NYSC
In January, 2017, I wrote a piece titled “Has NYSC Run Its Course?”. It was about the National Youth Service Corps (NYSC) programme which was established by the NYSC Decree No. 24 of May 22, 1973 during the regime of General Yakubu Gowon, as a one year programme for fresh University graduates “to promote unity, understanding and national integration among Nigerians” after the Nigerian Civil War. It was a laudable idea at the time, and it served its purpose in those days. Even in my time, in the 1980s, many of my friends enjoyed doing their NYSC in different parts of the country. I thoroughly enjoyed doing my Law School Chamber attachment in Kaduna, in the chambers of General I.B.M. Haruna, and I’m sad that, today, the same Kaduna State has become one of the epicentres of kidnapping students, and in several cases, killing them. If I was doing my Law School Chamber attachment today, I wouldn’t step out of Lagos to do it.

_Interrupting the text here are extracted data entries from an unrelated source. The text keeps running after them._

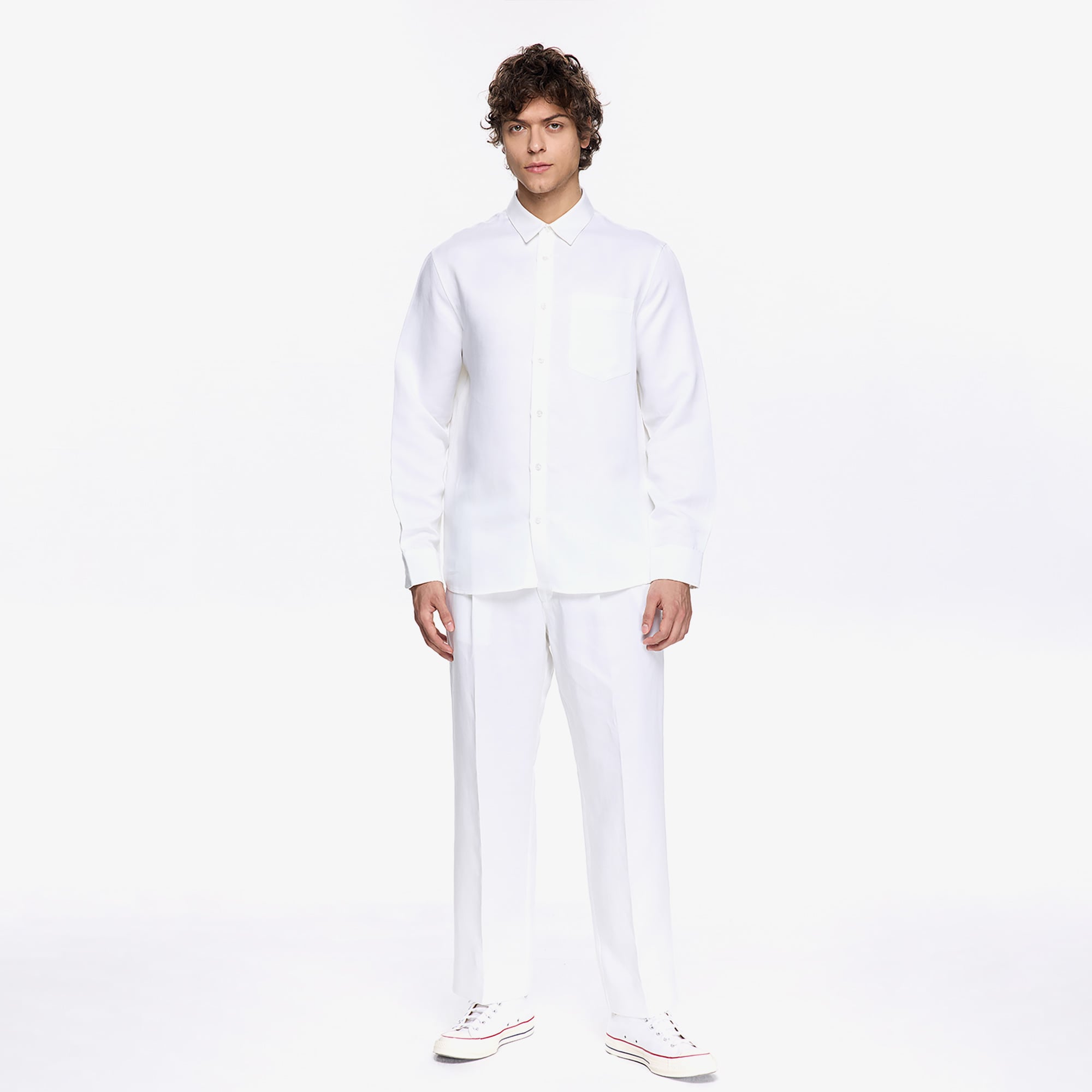Les Benjamins Classic Erkek Beyaz Gömlek, sade tasarımı ve beyaz rengiyle her kombinle uyum sağlar. Yumuşak kumaşı, rahat kullanım sunarken tarz bir görünüm sağlar.
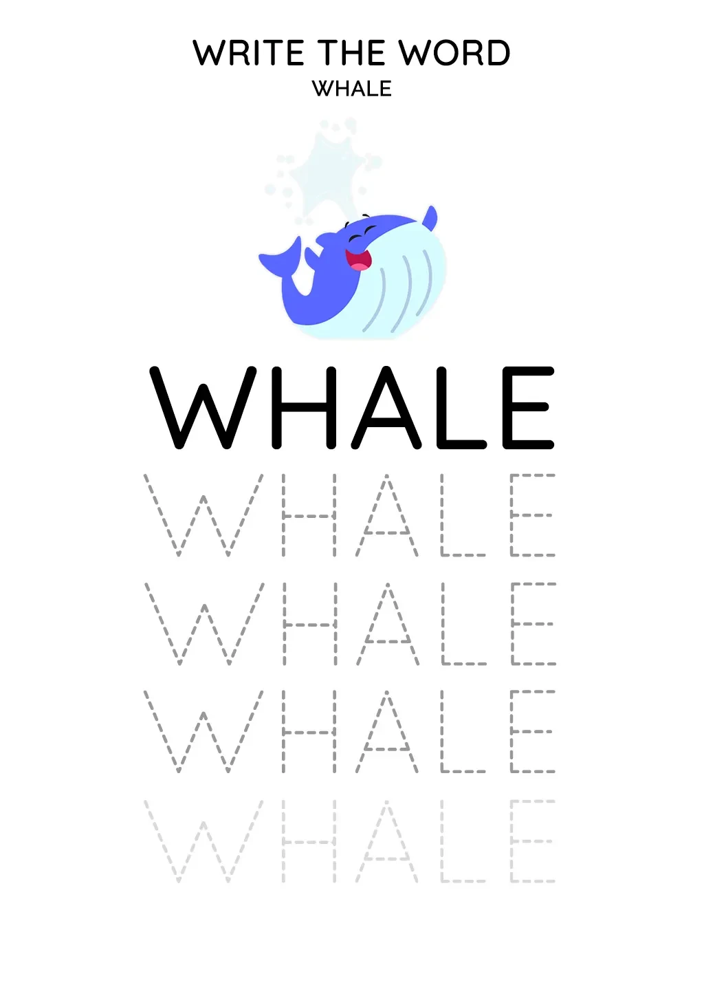 This activity not only promotes handwriting practice but also aids in word recognition. Writing the word "Whale" offers a balance of different letters, making it a suitable task for 6-year-olds to understand and write, further familiarizing them with the formation of letters and spelling.
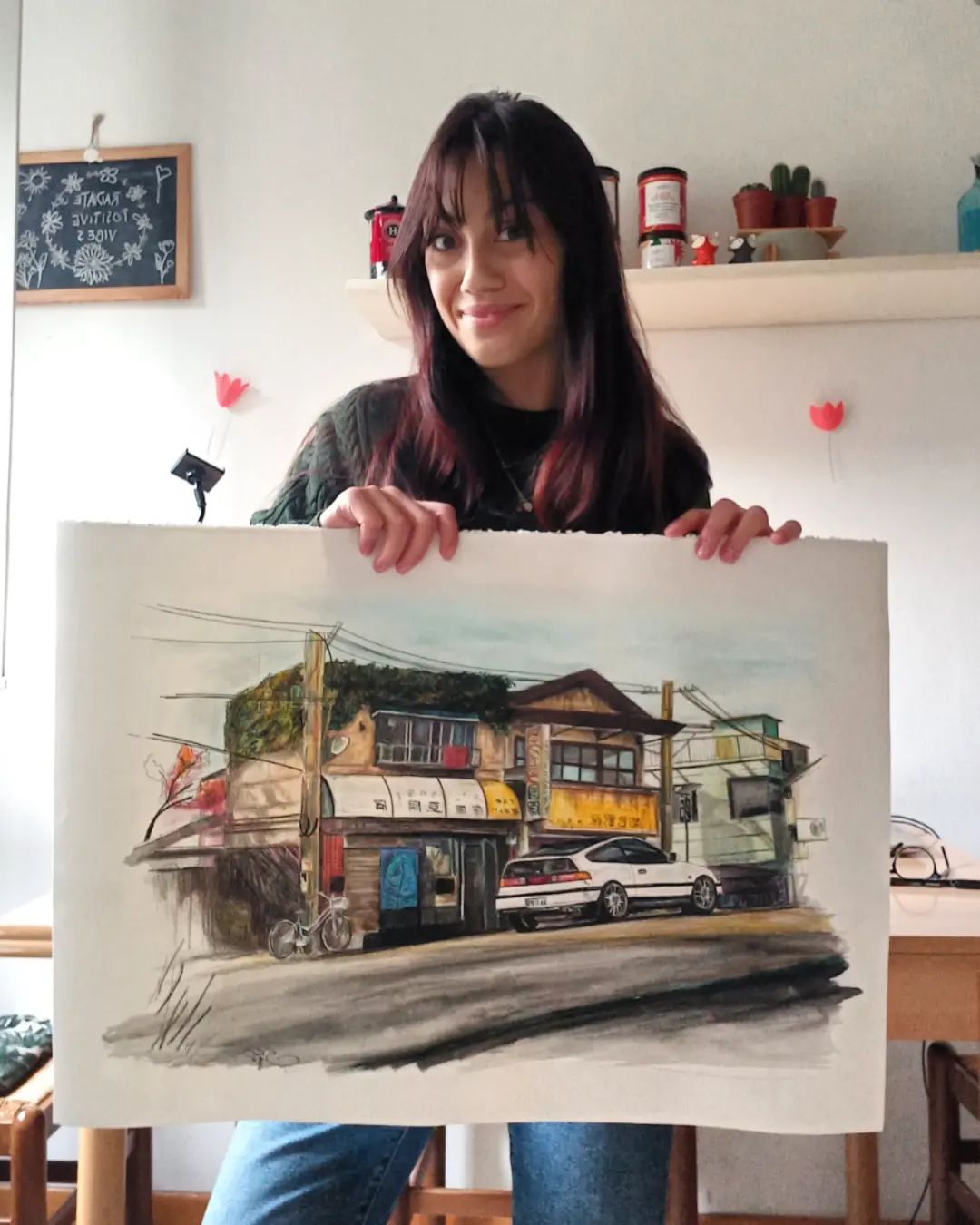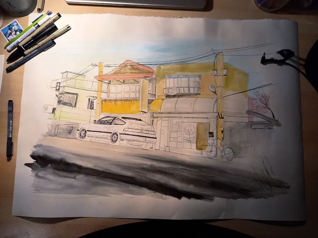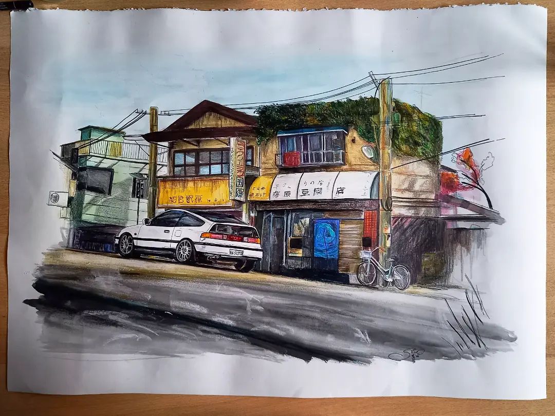 Tutto è partito dalla moglie di un mio carissimo amico che voleva fare un regalo di compleanno a lui in maniera originale e quindi ci siamo confrontate un pomeriggio, per capire cosa rappresentare nel dipinto e lei semplicemente parlandomi del fatto che lui è fissato con la sua vecchia macchina una Honda CRX da lì mi è venuta l'idea di questo.
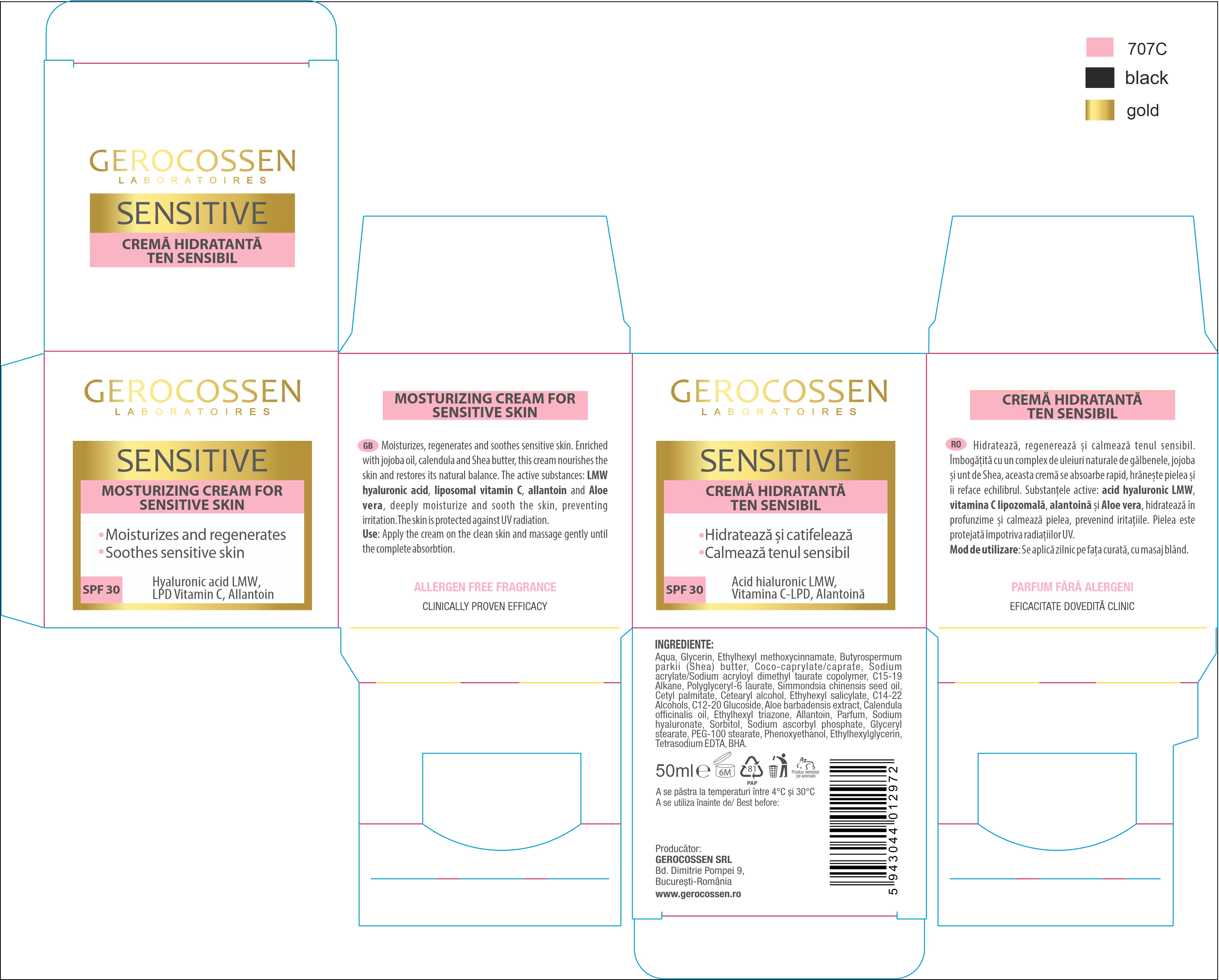 Crema hidratantă Gerocossen Sensitive SPF 30 este special formulată pentru tenul sensibil, oferind hidratare, hrănire și protecție UV zilnică.
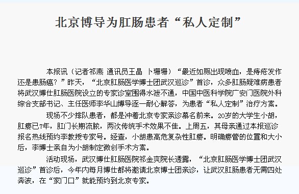 武汉晚报讯(记者祁燕 通讯员王晶 卜珊珊)“最近如厕出现喷血,是痔疮发作还是患肠癌?”昨天,“北京肛肠医学博士团武汉巡诊”首诊,众多肛肠疑难病患者将武汉博仕肛肠医院设立的专家诊室围得水泄不通,中国中医科学院广安门医院主任医师、博士生导师李华山教授逐一耐心解答,为患者“私人定制”治疗方案。
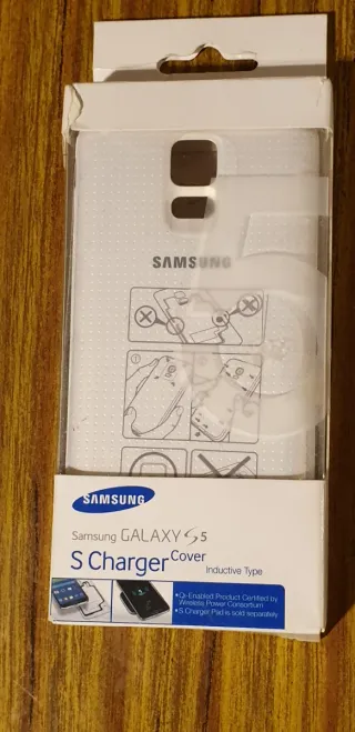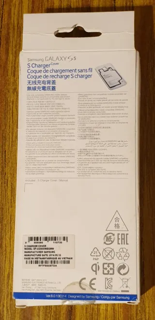 Tapa de carga inalámbrica para Samsung Galaxy S5. La caja de carton esta deteriorada pero el articulo esta nuevo - Modelo: EP-CGB00/WEDWW. - Fabricado en Vietnam. - Color blanco
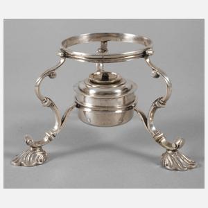 datiert 1771, Meisterpunze MT, unleserlicher Beschaumeister, aus massivem Silber, dreiteilig mit Fuß, Brenner und Deckel, dreipassig auf floral gestalteten Füßen, D 15 cm, G ca. 363 g.
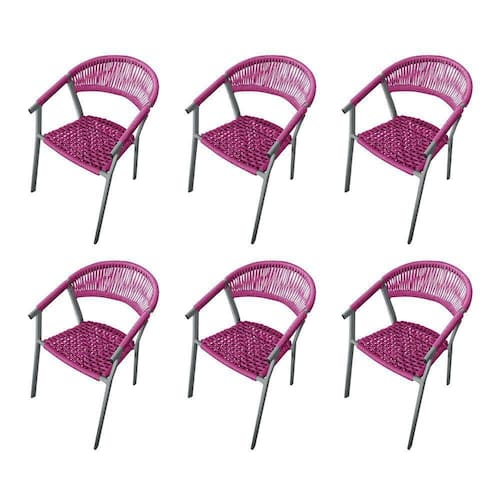 Kit 6 Cadeiras Decorativa Joana Em Corda Náutica E Base Em Alumínio Cinza/ Rosa - Cor: Rosa
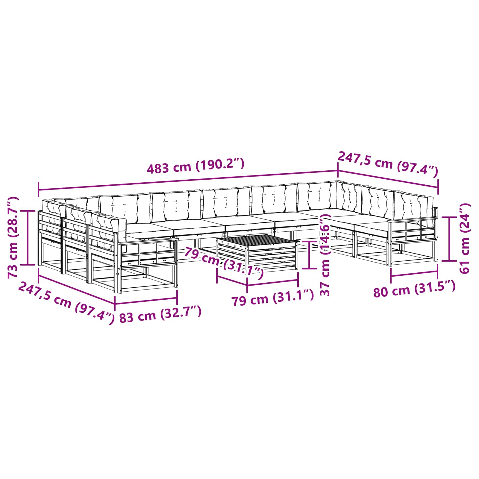 - 12 x Sedežna blazina: 80 x 43 x 10 cm (D x Š x V)

I gave a few reasons why I thought the NYSC programme had lost lost its usefulness, or at least, why I believed that even if it continues, it should be reformed. The major reasons which I provided were insecurity; the poor, unhygienic conditions and the deplorable state in the NYSC Camps. The Nigerian Law School is not immune from these same constraints. And, as far as integration is concerned, today the country seems to be more divided than it has ever been, aside from during the Civil War, on lines of ethnicity/tribe and religion.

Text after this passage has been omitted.